Summarizing Magnetic Fields Produced by Currents

Summary

The strength of the magnetic field created by current in a long straight wire is given by
\(B=\cfrac{{\mu }_{0}I}{2\mathrm{\pi r}}(\text{long straight wire}),\)
where \(I\) is the current, \(r\) is the shortest distance to the wire, and the constant \({\mu }_{0}=4\pi \phantom{\rule{0.15em}{0ex}}×\phantom{\rule{0.15em}{0ex}}{\text{10}}^{-7}\phantom{\rule{0.25em}{0ex}}\text{T}\cdot \text{m/A}\) is the permeability of free space.
The direction of the magnetic field created by a long straight wire is given by right hand rule 2 (RHR-2): Point the thumb of the right hand in the direction of current, and the fingers curl in the direction of the magnetic field loops created by it.
The magnetic field created by current following any path is the sum (or integral) of the fields due to segments along the path (magnitude and direction as for a straight wire), resulting in a general relationship between current and field known as Ampere’s law.
The magnetic field strength at the center of a circular loop is given by
\(B=\cfrac{{\mu }_{0}I}{2R}\text{}(\text{at center of loop}),\)
where \(R\) is the radius of the loop.
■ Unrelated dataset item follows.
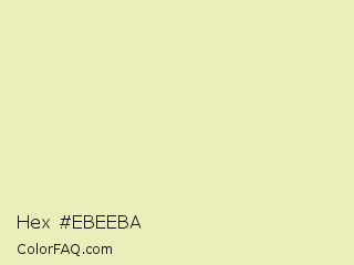Hex #ebeeba Color is a very light yellow color and the nearest color is Fall Green #ecebbd. Hex code #ebeeba and RGB value is rgb(235,238,186). In RGB color space, this color is composed of 92% red, 93% green, 73% blue, In CMYK color space, this color is composed of 1% cyan, 0% magenta, 22% yellow , 7% black , In HSL color space, this color has a hue angle of 63° , 60% saturation and 83% lightness.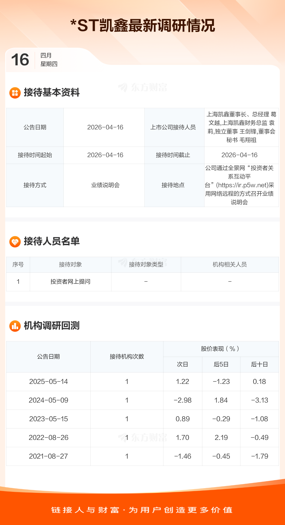 *ST凯鑫4月16日公告称,4月16日接待投资者网上提问调研。接待人员包括上海凯鑫董事长、总经理 葛文越,上海凯鑫财务总监 袁莉,独立董事 王剑锋,董事会秘书 毛翔祖。

This equation becomes \(B={\mu }_{0}\text{nI}/(2R)\) for a flat coil of \(N\) loops. RHR-2 gives the direction of the field about the loop. A long coil is called a solenoid.
The magnetic field strength inside a solenoid is
\(B={\mu }_{0}\text{nI}\phantom{\rule{0.25em}{0ex}}\phantom{\rule{0.25em}{0ex}}(\text{inside a solenoid}),\)
where \(n\) is the number of loops per unit length of the solenoid. The field inside is very uniform in magnitude and direction.

Glossary

right hand rule 2 (RHR-2)

a rule to determine the direction of the magnetic field induced by a current-carrying wire: Point the thumb of the right hand in the direction of current, and the fingers curl in the direction of the magnetic field loops

magnetic field strength (magnitude) produced by a long straight current-carrying wire

defined as \(B=\cfrac{{\mu }_{0}I}{2\mathrm{\pi r}}\), where \(I\) is the current, \(r\) is the shortest distance to the wire, and \({\mu }_{0}\) is the permeability of free space

permeability of free space

the measure of the ability of a material, in this case free space, to support a magnetic field; the constant \({\mu }_{0}=4\pi ×{\text{10}}^{-7}\phantom{\rule{0.25em}{0ex}}T\cdot \text{m/A}\)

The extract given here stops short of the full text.